Form 8-K

 

 

UNITED STATES

SECURITIES AND EXCHANGE COMMISSION

WASHINGTON, D.C. 20549

 

 

FORM 8-K

 

 

CURRENT REPORT

Pursuant to Section 13 or 15(d)

of the Securities Exchange Act of 1934

Date of Report (Date of earliest event reported): February 6, 2018

 

 

IDENTIV, INC.

(Exact name of Registrant as Specified in Its Charter)

 

 

 

Delaware   000-29440   77-0444317

(State or Other Jurisdiction

of Incorporation)

 

(Commission

File Number)

 

(IRS Employer

Identification No.)

 

2201 Walnut Avenue, Suite 100,

Fremont, California

  94538
(Address of Principal Executive Offices)   (Zip Code)

Registrant’s Telephone Number, Including Area Code: (949) 250-8888

Not Applicable

(Former Name or Former Address, if Changed Since Last Report)

 

 

Check the appropriate box below if the Form 8-K filing is intended to simultaneously satisfy the filing obligation of the registrant under any of the following provisions (see General Instructions A.2. below):

 

Written communications pursuant to Rule 425 under the Securities Act (17 CFR 230.425)

 

Soliciting material pursuant to Rule 14a-12 under the Exchange Act (17 CFR 240.14a-12)

 

Pre-commencement communications pursuant to Rule 14d-2(b) under the Exchange Act (17 CFR 240.14d-2(b))

 

Pre-commencement communications pursuant to Rule 13e-4(c) under the Exchange Act (17 CFR 240.13e-4(c))

Indicate by check mark whether the registrant is an emerging growth company as defined in as defined in Rule 405 of the Securities Act of 1933 (§ 230.405 of this chapter) or Rule 12b-2 of the Securities Exchange Act of 1934 (§ 240.12b-2 of this chapter).

Emerging growth company  ☐

If an emerging growth company, indicate by check mark if the registrant has elected not to use the extended transition period for complying with any new or revised financial accounting standards provided pursuant to Section 13(a) of the Exchange Act.  ☐

 

 

 


Item 1.01 Entry into a Material Definitive Agreement.

Merger Agreement

On February 6, 2018, Identiv, Inc., a Delaware corporation (“Identiv”) entered into an Agreement and Plan of Merger (the “Merger Agreement”) by and among Identiv, Eagle Acquisition, Inc., a California corporation and a wholly owned subsidiary of Identiv (“Merger Sub”), 3VR Security, Inc., a California corporation (“3VR”) and Fortis Advisors LLC, a Delaware limited liability company, acting as Securityholder Representative (“Securityholder Representative”).

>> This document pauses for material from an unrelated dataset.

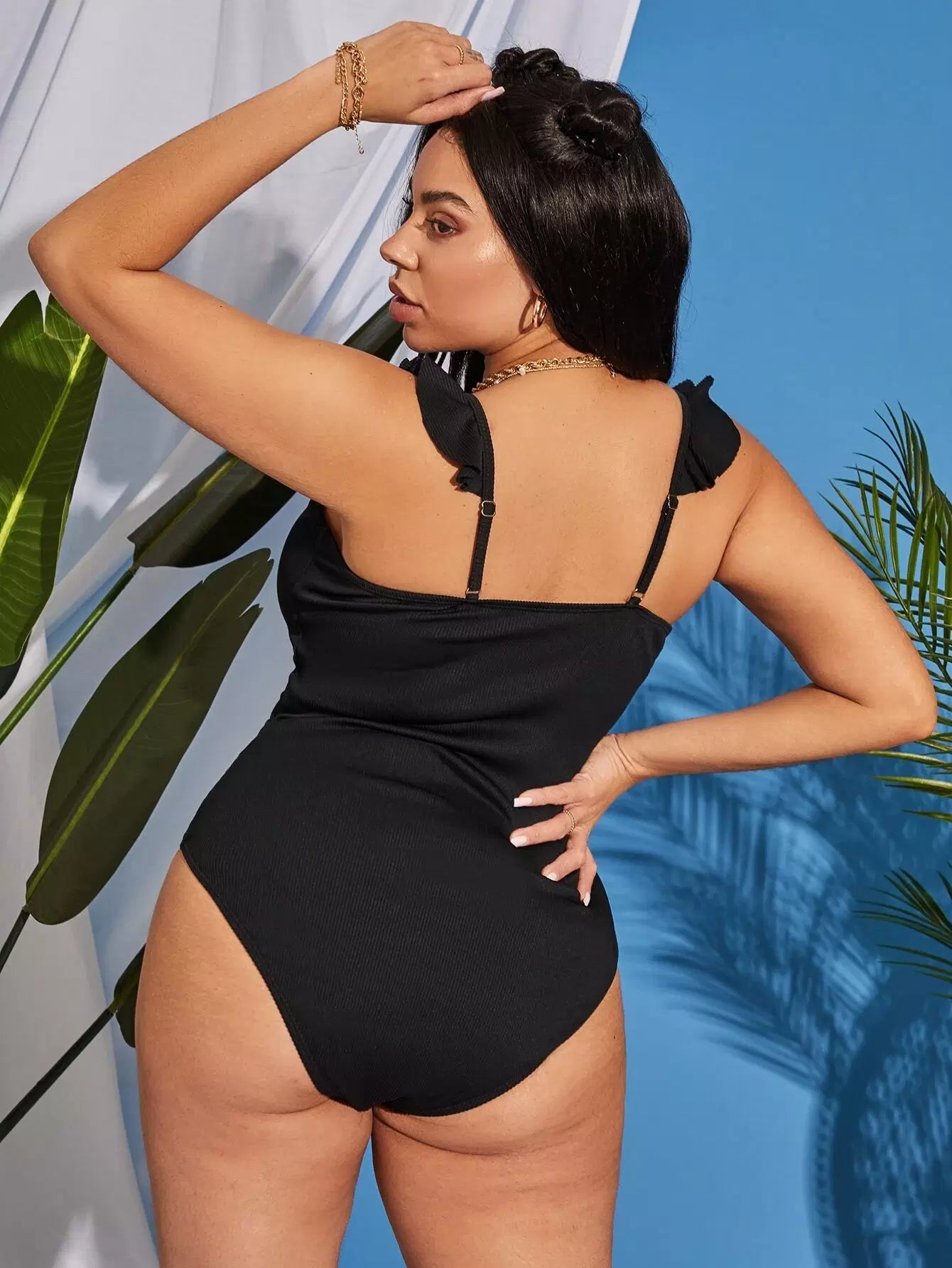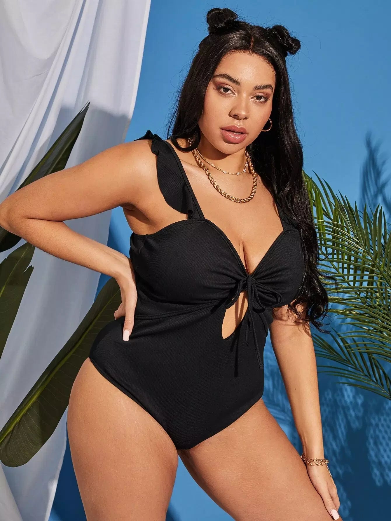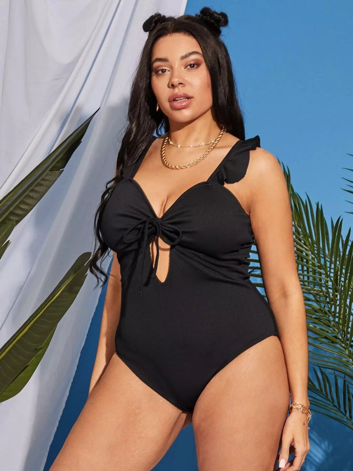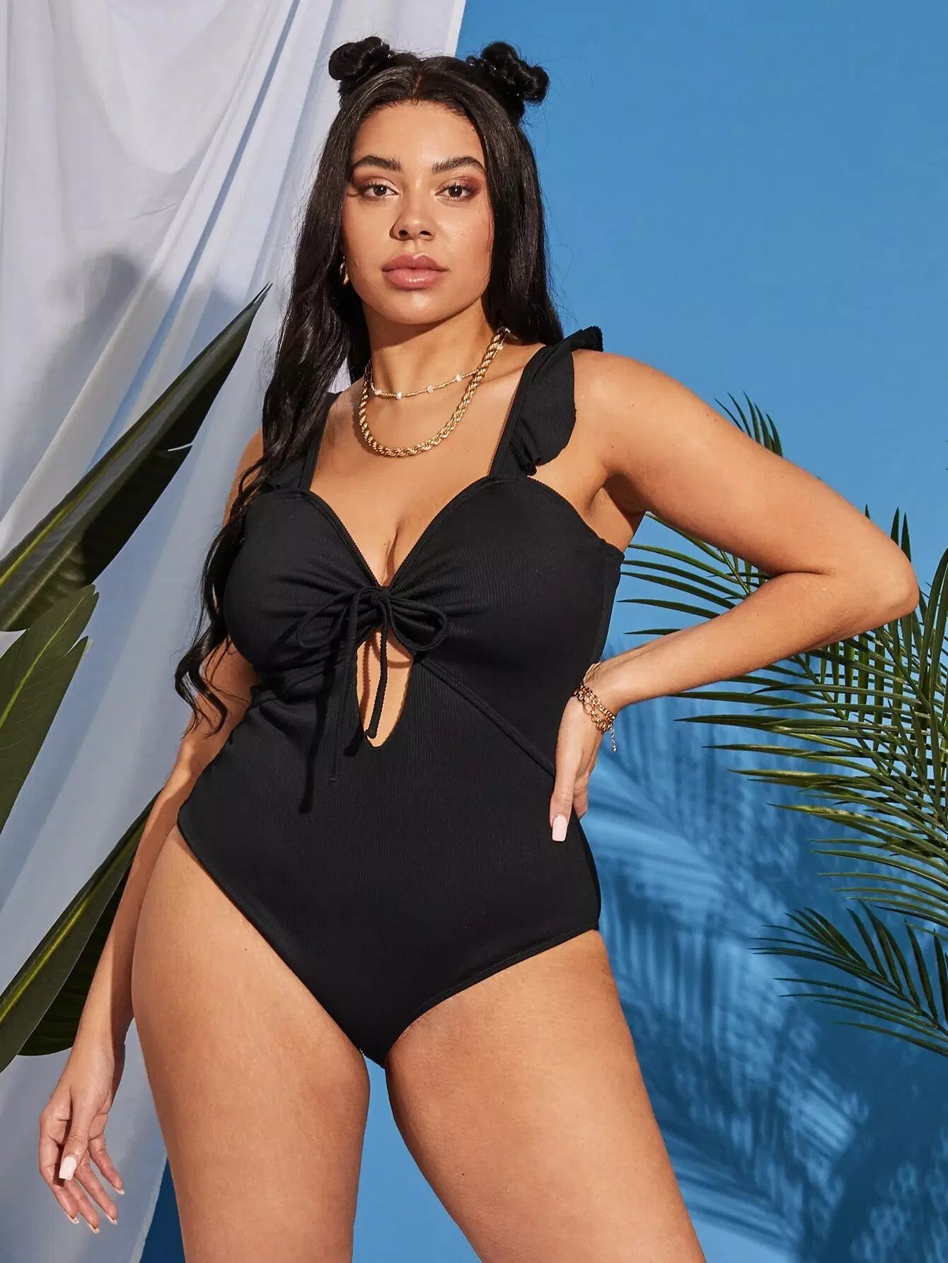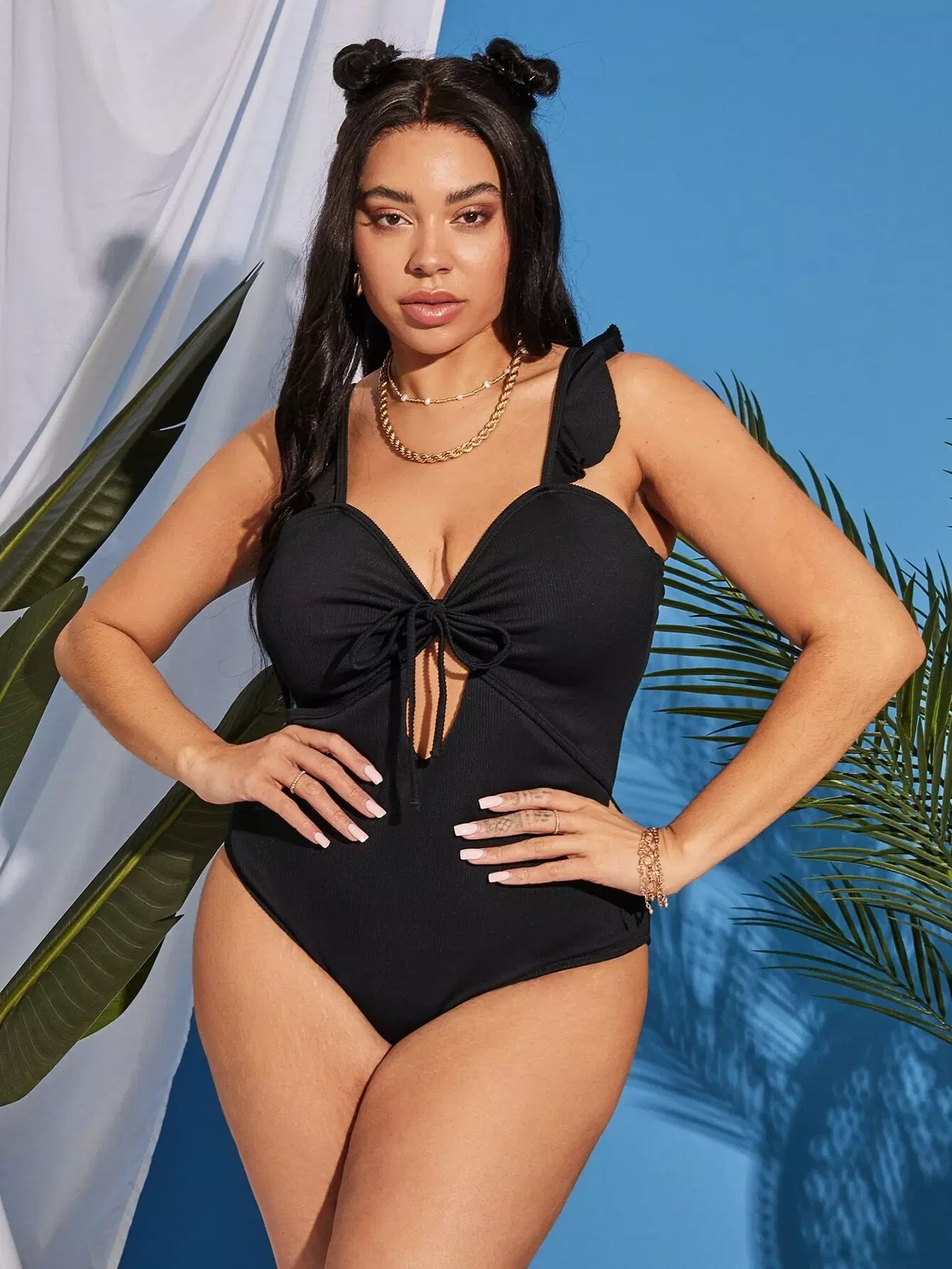 بدلة سباحة بقطعة واحدة من قطعة واحدة مكشكشة برباط أمامي كشكش زائد

Capitalized terms used and not otherwise defied herein have the meanings set forth in the Merger Agreement.

Pursuant to the terms and conditions set forth in the Merger Agreement, at the effective time of the merger, Merger Sub will merge with and into 3VR and 3VR will become a wholly-owned subsidiary of Identiv (the “Acquisition”). Under the terms of the Merger Agreement, the aggregate consideration to be paid by Identiv at the closing of the Acquisition is approximately $6.9 million, consisting of (i) approximately $1.6 million in cash, subject to adjustments based on 3VR’s closing working capital, (ii) the issuance of subordinated unsecured promissory notes by Identiv in an aggregate principal amount of $2.0 million (the “Promissory Notes”), and (iii) the issuance of shares of Identiv’s common stock with a value of approximately $3.3 million. Additionally, in the event that the surviving corporation achieves $24.1 million in product shipments in 2018, Identiv will be obligated to issue earn-out consideration of $3.5 million payable in shares of Identiv’s common stock (subject to certain conditions) with a potential maximum earn-out value of $7.0 million in the event that such shipments exceed $48.2 million. Identiv may also be obligated to pay, in cash, and subject to certain conditions, contingent consideration equal to the lesser of (A) 35% of the gross margin of certain products sold and services rendered by the surviving corporation in 2018 pursuant to a supply arrangement and (B) $25.0 million, each subject to adjustments (collectively, all consideration issuable in connection with the Acquisition, the “Merger Consideration”). $1.0 million of Identiv’s common stock issuable at the closing of the transaction will be placed in an escrow fund for up to 12 months following the closing for the satisfaction of certain indemnification claims.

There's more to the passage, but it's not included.